Yea that's basically it. Think of the good churchy girl who is always trying to tame the bad boys. She's identified herself so much with her Calvinistic persona that she doesn't even recognize that she is basically living out her more wild side through the men she meets and of course can never be satisfied because what she's really trying to tame is within, her animus. 

Now Jung said that it is possible to go the other way around where people over identify with their anima/animus complex but to him the likely end result of that might be say homosexuality (I dunno how I personally feel about that but Jung doesn't seem to find anything wrong with being gay just that to him it often seemed that the person ended up becoming his contrasexual ideal rather than projecting it or looking for it outwardly -- that's probably somewhat controversial these days though). In this situation though because the anima/animus is still a complex and unconscious the person would just see it as 'them.' 

The other thing about anima/animus is that it manifests itself differently at different stages. What Jung called Eve, Helen, Mary and Sophia -- symbolic names for the different levels of how people conceptualize the opposite sex (and when I say sex I mean masculine/feminine not male/female in a literal sense). Jung thought that the porn star/stripper/femme fatale (or muscle man in the case of a woman) was the most basic and primitive understanding, followed by a more nurturing/protective/lawyer-like (in men) conceptualization. If the first stage was where men looked for the easy sexy girl, the second stage was where men might seek out a motherly figure. As people mature they have a tendency to see the opposite sex in the third stage as pure and impossibly virtuous. The Virgin Mary is the symbol of this, the woman who has renounced all earthly ways and exists as impossible purity (for women this might be a man of the cloth or some quest toward scholarly or poetic purity) and finally the most mature stage of anima/animus development was when you finally learn to stop projecting and see the person who for what they really are -- love with a grain of salt as Von Franz puts it. In each of the four stages as the anima/animus develops so to does the way one might approach their idea of masculine/feminine. 

I think to the above point that the 'Self' is really the guide behind all of this anyway.
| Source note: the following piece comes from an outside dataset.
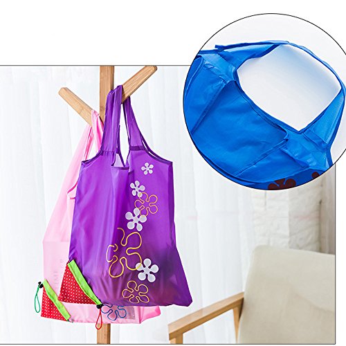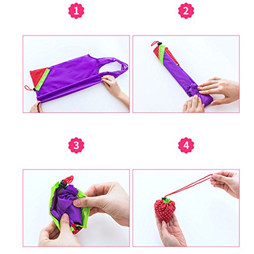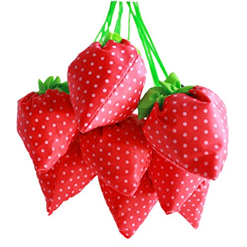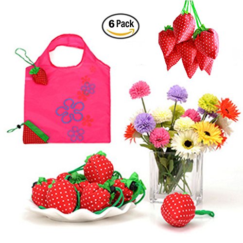 6 Pack, Folded into a Strawberry Foldable Reusable Recycling Shopping Tote Bag Travel Totes Grocery Recycle Bags, Various Color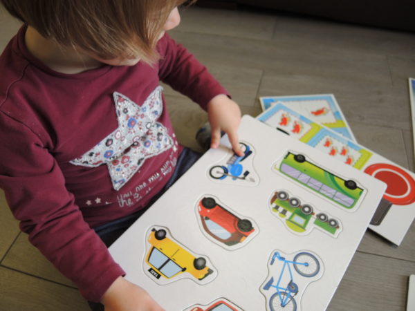 • le figurine di cartone che accompagnano il gioco sono molto divertenti e aiutano il bimbo a scoprire i nomi dei mezzi di trasporto

Since the Self (or perhaps the Daimon if we wanna go all archetypal) or Holy Spirit if you wanna get religious, is the thing that is basically pulling the strings of our unconscious, making us feel certain ways about certain things, pulling us onto our proper course of individuation any extreme imbalance, such as someone over identifying with their persona will ultimately result in a bit of pain or confusion, because the person is splitting away from their intended path. If you are lets say predestined to be a certain person (not necessarily to do a certain thing but just to have a certain character and qualities as a human being at your core), then becoming ego-centric, or being too swayed by complexes or letting the world dictate who you are (persona) will no doubt throw a person off course because they're never seeing the true picture only pieces here and there. The complexes are there, in a way, to help bring you back down to earth, even if their effects on your everyday conscious life aren't pretty, that's not the point. The Self might say, the point isn't for you to fit in nicely but rather to be what you are intended to be, or that you can be and let the world catch up.


----------



## JungyesMBTIno (Jul 22, 2011)

@celticstained

This is not a parlor game, lol (the way it gets used around PerC tends to resemble one though).


----------



## Figure (Jun 22, 2011)

I'm pretty unedumacated when it comes to the less actionable parts of Jung's theories so this opinion will be rather crude and uninformed, but my impression of the connection between the animus and gender seems rather silly and overtheorized to me. For granted, the topic itself is necessarily pixellated to the point of crosseyed oblivion (and didn't they say Jung was almost nuts by the time of his death?) - but somehow, I find these conclusions bizarre, unsubstantiated, and (dare I say it) almost podlairian in scope. Take that for what it is - uneducated and not really intrigued by the topic.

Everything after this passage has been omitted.